Note: This is often the cleanest proof that the secondary branch was the real failure point.
Important Messages
| Message | Protocol | Direction | Purpose in this procedure | What to inspect briefly |
|---|---|---|---|---|
| SCG Failure Information r12 | RRC | UE -> network side | Reports the SCG-side failure after the earlier break. | Check the timing against the earlier secondary-branch failure. |
| Failure Information r15 | RRC | UE -> network side | Useful comparison message when the failure path also reports a more generic later failure. | Check whether SCG-specific reporting or generic failure reporting best explains the event. |
Important Parameters to Inspect
| Parameter | What it is | Where it appears | Why it matters | Common issues |
|---|---|---|---|---|
| SCG branch identity | The secondary branch that failed. | Earlier branch and later report | Shows which secondary-side context the report belongs to. | The wrong secondary branch is assumed. |
| Report timing | The gap between the SCG failure and the later report. | SCG Failure Information arrival | Useful when the report appears later than the visible radio issue. | The later report is treated as unrelated because of timing. |
| Secondary-side evidence | What the message says about the SCG failure. | SCG Failure Information payload | Explains why the message is the key SCG evidence point. | The report is found but not actually read against the earlier SCG event. |
| Master-side continuity | Whether the main branch stayed alive while SCG failed. | Wider dual-branch context | Important because SCG failure can hide under a still-working main branch. | The overall connection looks alive, so the SCG failure is missed. |
| Subsequent recovery action | What the network did after the SCG report. | Later messages | Shows whether the report led to release, recovery, or reconfiguration. | The report is identified, but later action is never checked. |
Successful Completion
Success here means the SCG failure report is present and clearly tied to the earlier secondary-branch break.

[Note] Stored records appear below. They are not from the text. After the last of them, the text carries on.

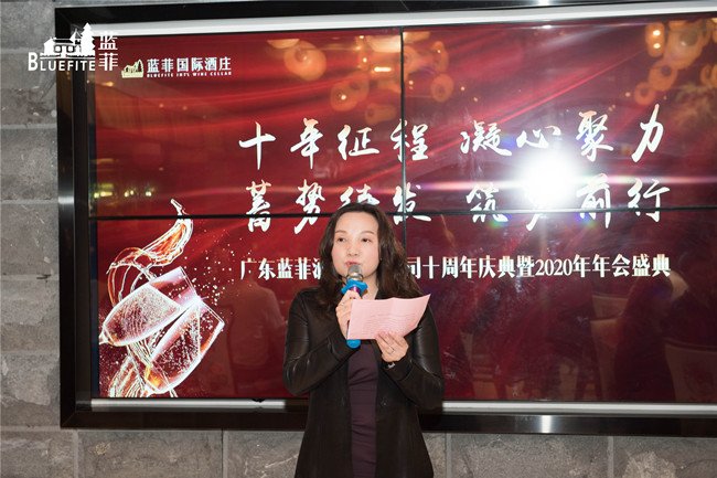 廣東藍菲酒業有限公司總經理曾玲女士也對公司一年的發展進行了總結:2019年,我們在壓力和動力中努力拼搏,銳意進取,用整整一年的付出、汗水和打拼,換來可喜的成績。隨著公司發展規模的不斷壯大,我們有了3000平的恒溫倉庫、新升級的展廳、酒窖等等;我們重視藍菲品牌的建設與發展,包括央視的廣告投放、倉儲中心的宣傳片等等;我們重視客戶的需求,公司旗下增加了洋酒和更多性價比高的新款葡萄酒;目前我們藍菲的綜合實力都比同行更具優勢和競爭力!2020年我們要繼續保持良好的工作作風,將以加倍的努力去推進并達成公司的業績目標,讓藍菲再上新的臺階!
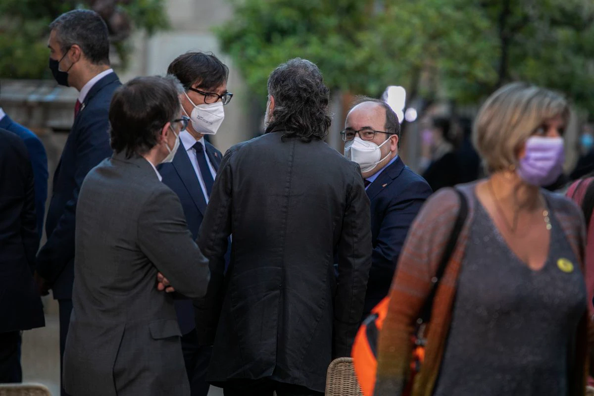 En el Pati dels Tarongers, esperaban 40 personas, entre ellas el actual Govern; Junqueras; Cuixart, y Jordi Sànchez, secretario general de Junts, los tres de permiso penitenciario; Iceta; Salvador Illa, líder del PSC, o la alcaldesa de Barcelona, Ada Colau. Laura Borràs, presidente del Parlament, ha leído el decreto de investidura y, posteriormente, el expresident Torra le ha brindado la medalla de la Generalitat que ha dado pie a la lectura de su discurso. Iceta ha estado hablando un rato con los presos.
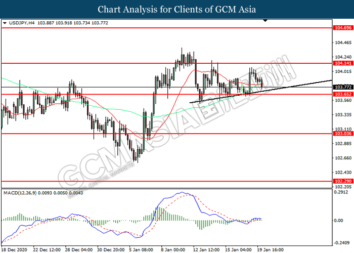 USDJPY, H4: USDJPY was traded lower while currently near the support level at 103.65. MACD which illustrated diminishing bullish momentum suggest the pair to extend its losses after it successfully breakout below the support level.

Common Failures and Troubleshooting
| Symptom | Likely cause | Where to inspect | Relevant message(s) | Relevant interface(s) | Likely next step |
|---|---|---|---|---|---|
| The secondary branch looks unstable, but no SCG failure report is found | The UE may not have reached a later reporting point, or the report was not captured. | The period after the visible SCG break. | Earlier SCG failure only | Dual-connectivity context | Do not assume the absence of the report means the SCG branch never failed. |
| SCG report is present, but the wrong branch is blamed | The earlier secondary-side failure was not correlated correctly. | Earlier secondary-side events and the report timing. | SCG Failure Information r12 | LTE Uu | Correlate the report strictly with the failing SCG-side branch. |
What to Check in Logs and Traces
- Correlate the SCG report with the earlier secondary-branch problem.
- Check whether the master side stayed alive while the SCG side failed.
- Follow what the network did after receiving the SCG report.
Related Pages
Related sub-procedures
Related message reference pages
Related troubleshooting pages
Notes
This page is about the SCG-specific failure report. The actual secondary-branch failure happens earlier and should be correlated first.
FAQ
What is LTE SCG Failure Information?
It is the UE-side LTE report used to tell the network that the secondary cell group failed.
Can the main branch stay alive while this report appears?
Yes. That is one reason this message is so useful in dual-branch analysis.